THE INPUT:
☆ ☆ ☆

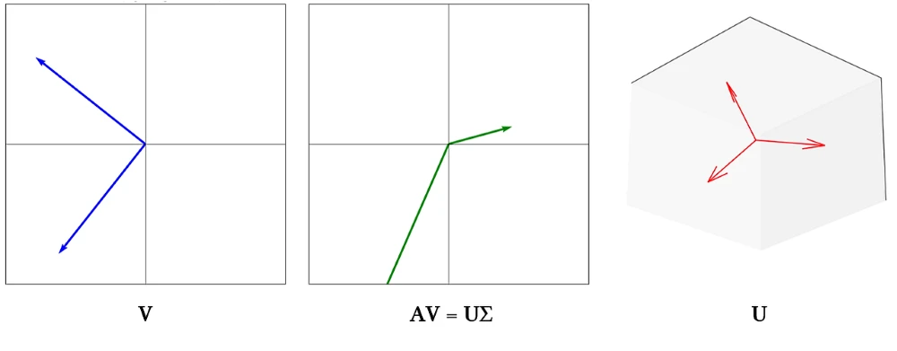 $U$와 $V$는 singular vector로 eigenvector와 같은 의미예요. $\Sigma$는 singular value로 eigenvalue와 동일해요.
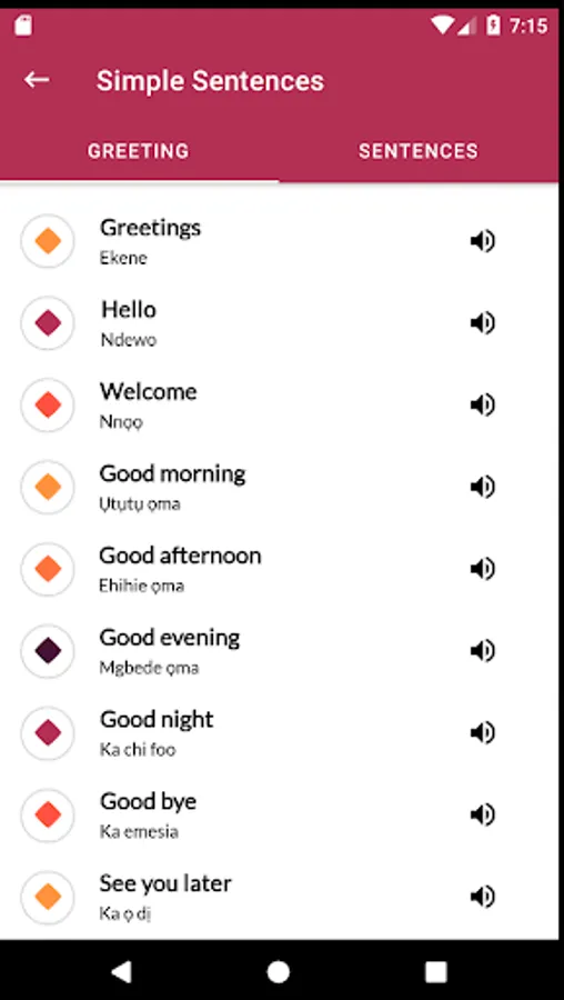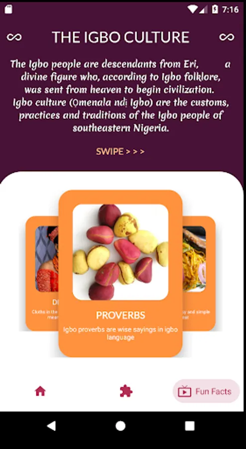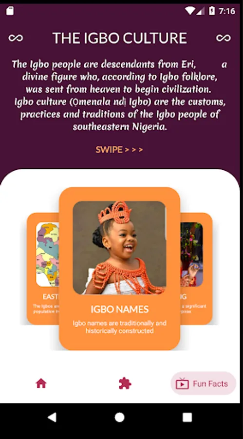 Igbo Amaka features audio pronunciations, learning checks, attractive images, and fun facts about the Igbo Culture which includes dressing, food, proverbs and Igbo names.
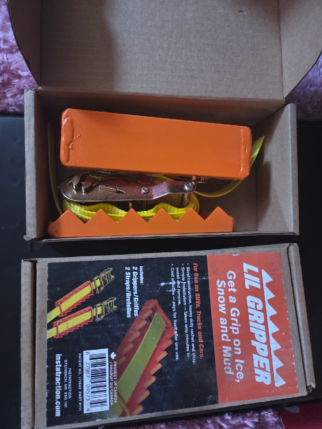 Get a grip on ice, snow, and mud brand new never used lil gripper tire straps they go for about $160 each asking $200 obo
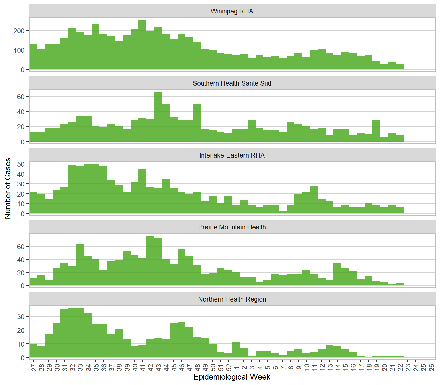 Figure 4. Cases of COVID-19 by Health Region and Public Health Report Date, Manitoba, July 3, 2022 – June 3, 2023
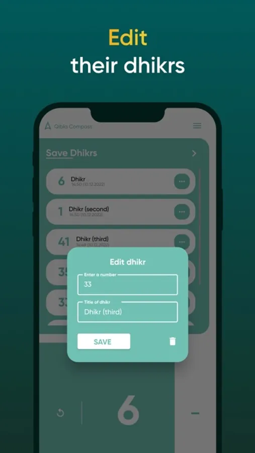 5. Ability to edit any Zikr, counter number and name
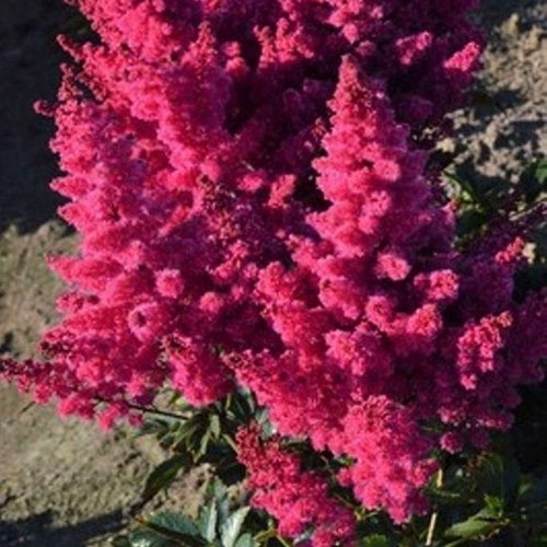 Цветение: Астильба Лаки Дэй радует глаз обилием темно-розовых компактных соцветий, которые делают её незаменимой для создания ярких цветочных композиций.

☆ ☆ ☆

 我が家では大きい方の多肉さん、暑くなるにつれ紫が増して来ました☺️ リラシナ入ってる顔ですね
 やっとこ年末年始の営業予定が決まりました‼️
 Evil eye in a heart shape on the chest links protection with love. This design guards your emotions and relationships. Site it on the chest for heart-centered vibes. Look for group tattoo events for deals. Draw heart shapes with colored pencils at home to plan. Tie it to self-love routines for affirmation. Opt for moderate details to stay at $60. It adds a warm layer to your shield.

☆ ☆ ☆

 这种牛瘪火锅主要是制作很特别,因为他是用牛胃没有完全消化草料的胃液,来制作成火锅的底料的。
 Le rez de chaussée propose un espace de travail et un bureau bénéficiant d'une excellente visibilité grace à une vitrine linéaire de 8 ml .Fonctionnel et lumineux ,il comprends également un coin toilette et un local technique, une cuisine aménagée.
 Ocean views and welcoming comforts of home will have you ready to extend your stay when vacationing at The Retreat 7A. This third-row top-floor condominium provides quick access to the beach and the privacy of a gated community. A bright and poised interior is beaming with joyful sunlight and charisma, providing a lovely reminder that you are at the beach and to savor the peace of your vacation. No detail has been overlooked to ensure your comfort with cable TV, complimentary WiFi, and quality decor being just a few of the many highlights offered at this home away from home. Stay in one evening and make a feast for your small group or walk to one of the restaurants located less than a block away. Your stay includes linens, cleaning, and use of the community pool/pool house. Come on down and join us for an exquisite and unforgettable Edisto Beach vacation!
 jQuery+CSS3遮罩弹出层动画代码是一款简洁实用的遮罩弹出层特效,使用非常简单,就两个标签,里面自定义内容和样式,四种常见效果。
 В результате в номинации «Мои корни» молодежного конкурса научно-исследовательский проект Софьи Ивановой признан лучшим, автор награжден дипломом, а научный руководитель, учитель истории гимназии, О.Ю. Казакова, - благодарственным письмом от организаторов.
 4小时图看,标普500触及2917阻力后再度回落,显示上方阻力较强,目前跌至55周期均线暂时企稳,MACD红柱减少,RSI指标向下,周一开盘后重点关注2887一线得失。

☆ ☆ ☆

Repeat exactly the lines above, from the line that contains "value로 eigenvalue와 동일해요." down through the line that contains "Get a grip on". Include both of those lines and none of the pictures.

 $U$와 $V$는 singular vector로 eigenvector와 같은 의미예요. $\Sigma$는 singular value로 eigenvalue와 동일해요.
 Igbo Amaka features audio pronunciations, learning checks, attractive images, and fun facts about the Igbo Culture which includes dressing, food, proverbs and Igbo names.
 Get a grip on ice, snow, and mud brand new never used lil gripper tire straps they go for about $160 each asking $200 obo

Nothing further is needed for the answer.